THE DATA Block Start
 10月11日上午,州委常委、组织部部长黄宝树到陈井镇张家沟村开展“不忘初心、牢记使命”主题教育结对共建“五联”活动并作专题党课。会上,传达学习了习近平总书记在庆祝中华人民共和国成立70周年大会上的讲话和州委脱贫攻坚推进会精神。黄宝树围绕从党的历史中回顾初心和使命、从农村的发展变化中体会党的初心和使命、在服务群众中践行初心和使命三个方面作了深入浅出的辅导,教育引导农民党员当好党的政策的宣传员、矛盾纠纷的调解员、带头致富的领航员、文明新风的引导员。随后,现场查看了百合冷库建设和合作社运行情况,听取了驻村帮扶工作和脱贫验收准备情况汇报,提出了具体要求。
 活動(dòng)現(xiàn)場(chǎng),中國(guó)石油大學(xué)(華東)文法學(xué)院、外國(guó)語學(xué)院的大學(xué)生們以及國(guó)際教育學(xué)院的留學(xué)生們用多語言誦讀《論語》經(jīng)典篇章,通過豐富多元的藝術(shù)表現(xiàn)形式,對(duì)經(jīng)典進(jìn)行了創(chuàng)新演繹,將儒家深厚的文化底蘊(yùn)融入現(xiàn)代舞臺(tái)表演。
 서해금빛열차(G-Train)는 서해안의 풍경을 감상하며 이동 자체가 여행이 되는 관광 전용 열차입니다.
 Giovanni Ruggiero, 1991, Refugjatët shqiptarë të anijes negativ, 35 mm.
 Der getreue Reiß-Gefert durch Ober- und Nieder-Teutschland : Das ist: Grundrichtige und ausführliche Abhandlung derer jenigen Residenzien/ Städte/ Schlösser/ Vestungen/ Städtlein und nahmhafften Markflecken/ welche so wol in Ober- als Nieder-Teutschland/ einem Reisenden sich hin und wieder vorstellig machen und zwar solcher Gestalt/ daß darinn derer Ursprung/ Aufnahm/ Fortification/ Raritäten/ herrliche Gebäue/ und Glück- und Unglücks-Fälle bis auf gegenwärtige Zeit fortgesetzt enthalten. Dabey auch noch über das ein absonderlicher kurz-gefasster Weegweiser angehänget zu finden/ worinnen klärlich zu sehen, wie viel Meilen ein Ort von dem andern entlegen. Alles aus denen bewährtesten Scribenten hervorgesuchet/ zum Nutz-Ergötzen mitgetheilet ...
THE DATA Block End
WHAT TO PRODUCE:
Return the records given above in their entirety, word for word.

TASK SOLUTION:
 10月11日上午,州委常委、组织部部长黄宝树到陈井镇张家沟村开展“不忘初心、牢记使命”主题教育结对共建“五联”活动并作专题党课。会上,传达学习了习近平总书记在庆祝中华人民共和国成立70周年大会上的讲话和州委脱贫攻坚推进会精神。黄宝树围绕从党的历史中回顾初心和使命、从农村的发展变化中体会党的初心和使命、在服务群众中践行初心和使命三个方面作了深入浅出的辅导,教育引导农民党员当好党的政策的宣传员、矛盾纠纷的调解员、带头致富的领航员、文明新风的引导员。随后,现场查看了百合冷库建设和合作社运行情况,听取了驻村帮扶工作和脱贫验收准备情况汇报,提出了具体要求。
 活動(dòng)現(xiàn)場(chǎng),中國(guó)石油大學(xué)(華東)文法學(xué)院、外國(guó)語學(xué)院的大學(xué)生們以及國(guó)際教育學(xué)院的留學(xué)生們用多語言誦讀《論語》經(jīng)典篇章,通過豐富多元的藝術(shù)表現(xiàn)形式,對(duì)經(jīng)典進(jìn)行了創(chuàng)新演繹,將儒家深厚的文化底蘊(yùn)融入現(xiàn)代舞臺(tái)表演。
 서해금빛열차(G-Train)는 서해안의 풍경을 감상하며 이동 자체가 여행이 되는 관광 전용 열차입니다.
 Giovanni Ruggiero, 1991, Refugjatët shqiptarë të anijes negativ, 35 mm.
 Der getreue Reiß-Gefert durch Ober- und Nieder-Teutschland : Das ist: Grundrichtige und ausführliche Abhandlung derer jenigen Residenzien/ Städte/ Schlösser/ Vestungen/ Städtlein und nahmhafften Markflecken/ welche so wol in Ober- als Nieder-Teutschland/ einem Reisenden sich hin und wieder vorstellig machen und zwar solcher Gestalt/ daß darinn derer Ursprung/ Aufnahm/ Fortification/ Raritäten/ herrliche Gebäue/ und Glück- und Unglücks-Fälle bis auf gegenwärtige Zeit fortgesetzt enthalten. Dabey auch noch über das ein absonderlicher kurz-gefasster Weegweiser angehänget zu finden/ worinnen klärlich zu sehen, wie viel Meilen ein Ort von dem andern entlegen. Alles aus denen bewährtesten Scribenten hervorgesuchet/ zum Nutz-Ergötzen mitgetheilet ...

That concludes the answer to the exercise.